Exercise requirements =>
Below are lines of data. Give the number of them that contain the string "with", and nothing else.

Data extracts =>

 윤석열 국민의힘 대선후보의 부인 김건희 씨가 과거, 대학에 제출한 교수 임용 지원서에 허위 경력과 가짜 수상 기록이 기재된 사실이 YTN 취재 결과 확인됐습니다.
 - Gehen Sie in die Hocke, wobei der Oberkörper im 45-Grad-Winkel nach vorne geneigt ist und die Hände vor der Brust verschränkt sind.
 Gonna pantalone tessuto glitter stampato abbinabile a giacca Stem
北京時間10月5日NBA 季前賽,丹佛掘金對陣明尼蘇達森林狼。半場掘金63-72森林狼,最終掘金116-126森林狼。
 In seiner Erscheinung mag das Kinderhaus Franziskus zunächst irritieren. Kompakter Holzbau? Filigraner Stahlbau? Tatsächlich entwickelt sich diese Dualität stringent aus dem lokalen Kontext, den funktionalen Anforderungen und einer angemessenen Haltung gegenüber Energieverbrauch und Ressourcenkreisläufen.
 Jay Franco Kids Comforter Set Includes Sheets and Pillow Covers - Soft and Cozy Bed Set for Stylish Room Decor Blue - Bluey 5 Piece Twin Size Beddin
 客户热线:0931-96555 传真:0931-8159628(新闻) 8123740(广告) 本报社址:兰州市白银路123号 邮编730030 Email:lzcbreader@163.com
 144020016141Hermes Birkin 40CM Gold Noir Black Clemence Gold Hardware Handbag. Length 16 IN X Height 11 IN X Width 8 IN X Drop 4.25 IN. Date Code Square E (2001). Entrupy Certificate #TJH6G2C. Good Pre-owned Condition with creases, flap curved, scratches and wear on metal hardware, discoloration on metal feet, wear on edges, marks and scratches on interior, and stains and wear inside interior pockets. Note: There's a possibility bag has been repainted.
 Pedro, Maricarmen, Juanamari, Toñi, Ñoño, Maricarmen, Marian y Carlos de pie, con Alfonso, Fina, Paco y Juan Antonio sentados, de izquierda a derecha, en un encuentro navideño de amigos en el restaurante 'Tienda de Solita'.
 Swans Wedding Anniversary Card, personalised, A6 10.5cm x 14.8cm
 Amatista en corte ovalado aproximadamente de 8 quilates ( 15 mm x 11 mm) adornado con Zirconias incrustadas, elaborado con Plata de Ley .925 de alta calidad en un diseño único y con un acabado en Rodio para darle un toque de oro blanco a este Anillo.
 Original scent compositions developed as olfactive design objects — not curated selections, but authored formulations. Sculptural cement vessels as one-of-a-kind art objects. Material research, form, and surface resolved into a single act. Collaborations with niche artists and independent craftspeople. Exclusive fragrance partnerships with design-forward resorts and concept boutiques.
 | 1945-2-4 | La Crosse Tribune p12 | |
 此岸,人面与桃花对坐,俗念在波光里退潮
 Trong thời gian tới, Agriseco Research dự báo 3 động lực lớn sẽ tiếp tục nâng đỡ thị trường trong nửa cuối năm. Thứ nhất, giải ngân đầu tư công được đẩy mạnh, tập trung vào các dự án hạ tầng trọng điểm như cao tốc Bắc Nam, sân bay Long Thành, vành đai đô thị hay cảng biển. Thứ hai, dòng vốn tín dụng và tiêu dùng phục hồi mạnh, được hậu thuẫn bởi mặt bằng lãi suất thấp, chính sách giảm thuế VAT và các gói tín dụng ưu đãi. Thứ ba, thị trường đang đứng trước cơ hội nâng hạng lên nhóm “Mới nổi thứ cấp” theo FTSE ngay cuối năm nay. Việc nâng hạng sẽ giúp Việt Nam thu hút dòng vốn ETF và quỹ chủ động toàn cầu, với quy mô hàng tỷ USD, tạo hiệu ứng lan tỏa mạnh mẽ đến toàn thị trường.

Solution =>
2